Availability of financial resources is a major constraint in developing
and implementing climate change mitigation measures. Nationally, the
priority is on poverty eradication and provision of basic services. Some
of the climate change priorities rank low within overall government
priorities. Available funds are allocated to the highest government
priorities. At the global level, there is competition among nations for
limited resources. Mobilization of financial resources is critical and in
this light, Kenya welcomes the Global Environment Facility (GEF) and
the financial assistance received so far and the Clean Development
Mechanism (CDM) of the Kyoto Protocol (Article 12) where the country
looks to being able to leverage more foreign direct investment.

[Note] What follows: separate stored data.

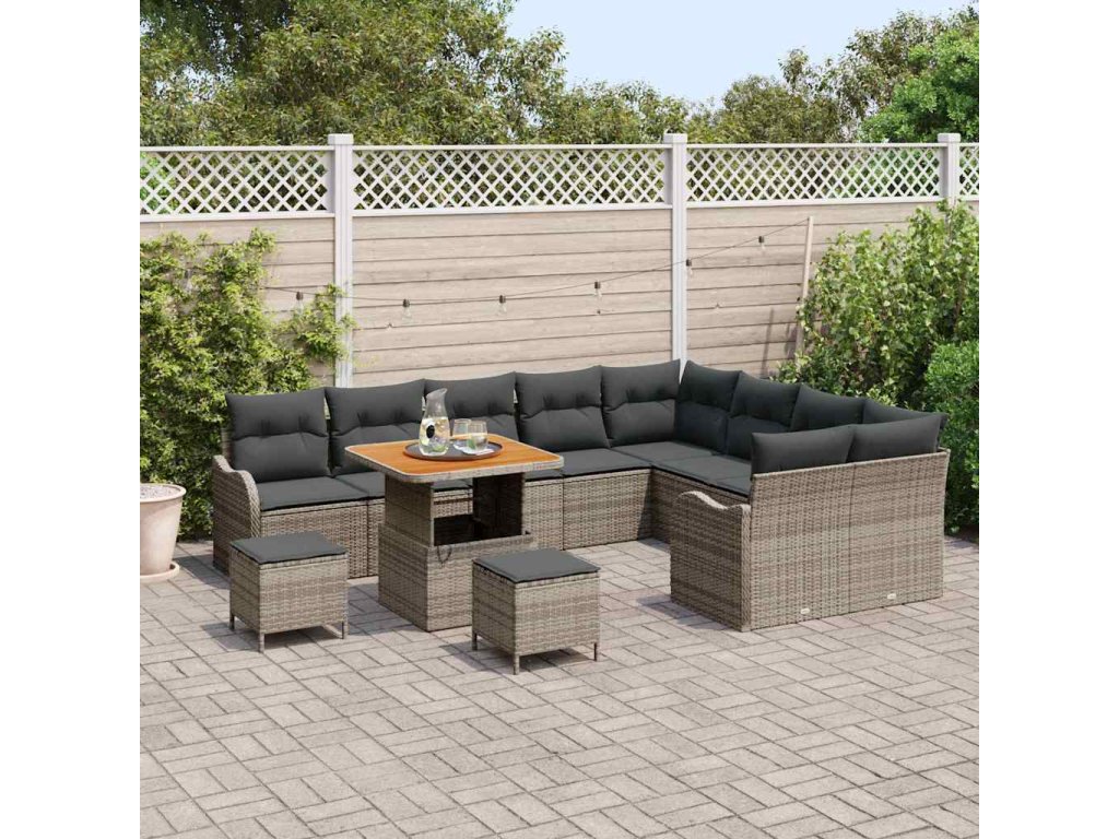 Sada zahradních pohovek s polštářem s úložištěm 12 pcs Šedá [3364253]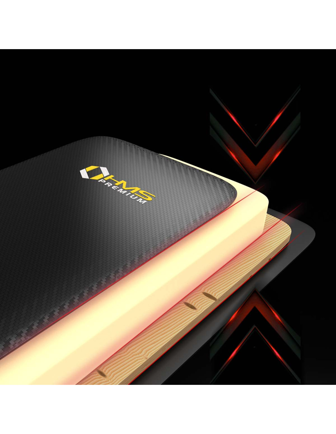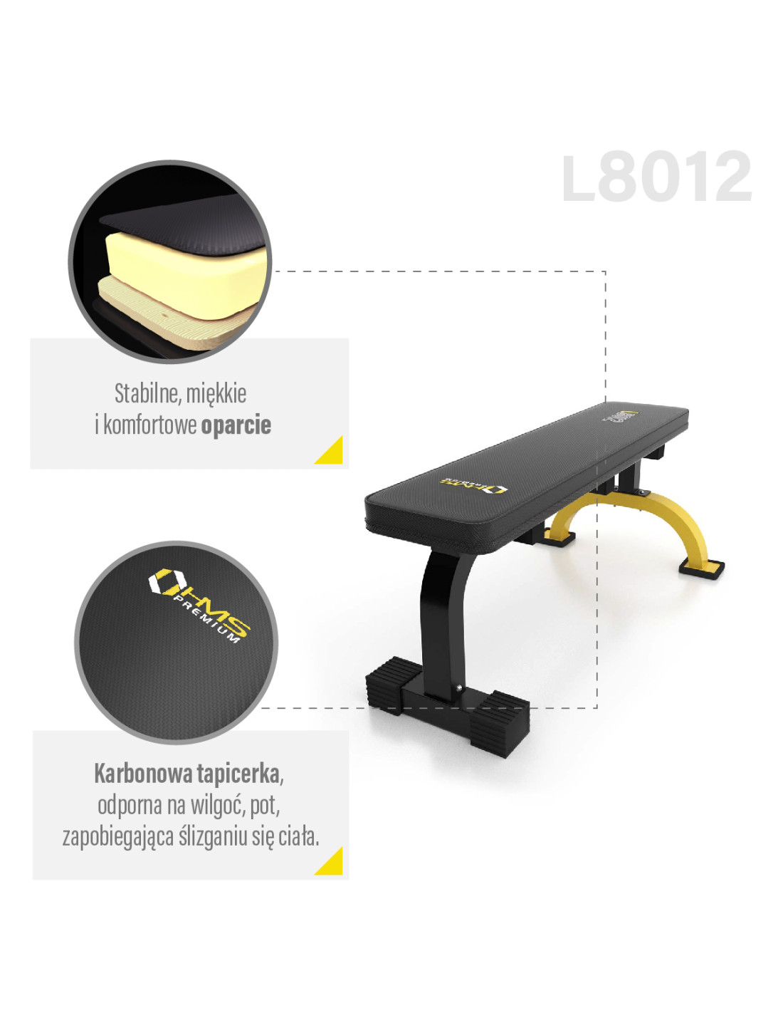 Тренировъчната лежанка е не само удобна и функционална, но и стилна. Комбинацията от черен карбонов материал и жълти бродирани елементи създава изключителния визуален ефект, който е характерен за марката HMS PREMIUM.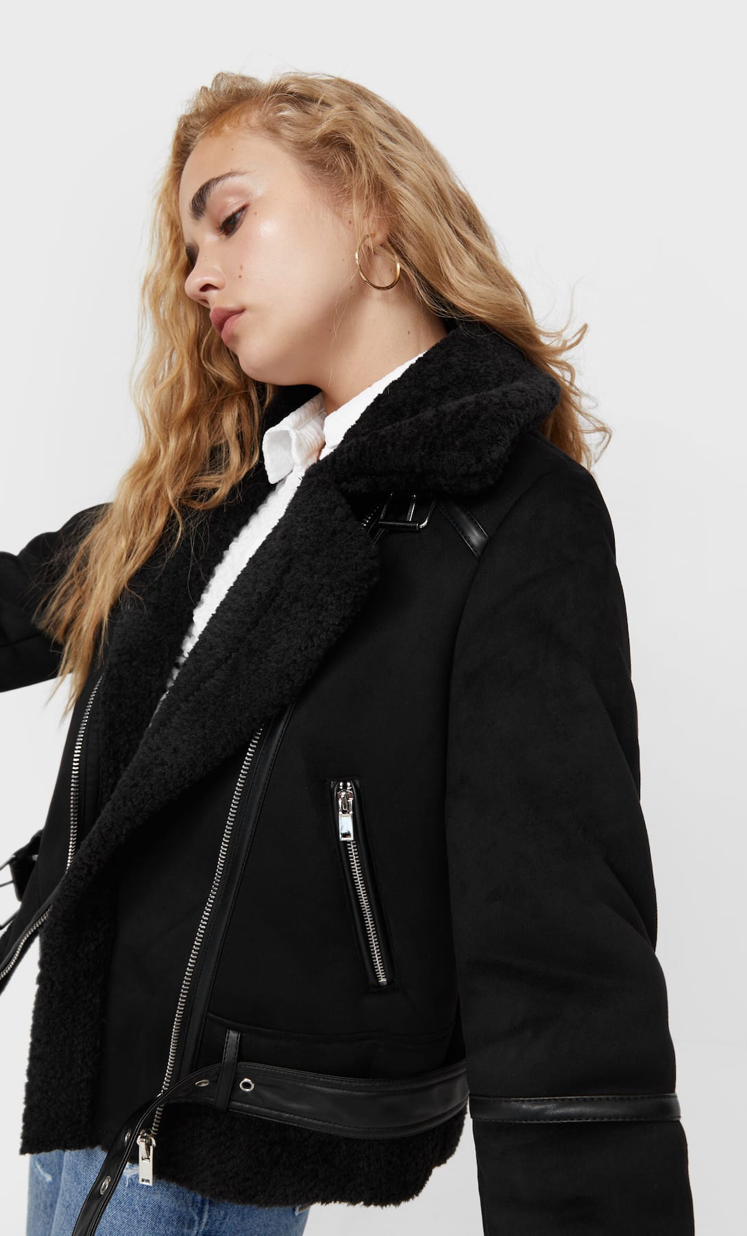 Este año los abrigos y cazadoras recuperan modelos clásicos que todas hemos llevado alguna vez. Por eso no hemos podido resistirnos a esta cazadora biker de efecto ante con un interior en tejido de efecto pelo.

In Kenya, climate change related issues are funded by various
ministries, which implement climate change related activities. Over
and above this, there are several NGOs and Community Based
Organisations (CBOs) who harness funds from various sources.
Private sector involvement in research and development including
those related to climate change and technology transfer is minimal.
Efforts will be made to interest the sector in this aspect of research.
Efforts will also be made to relate climatic information to socioeconomic factors.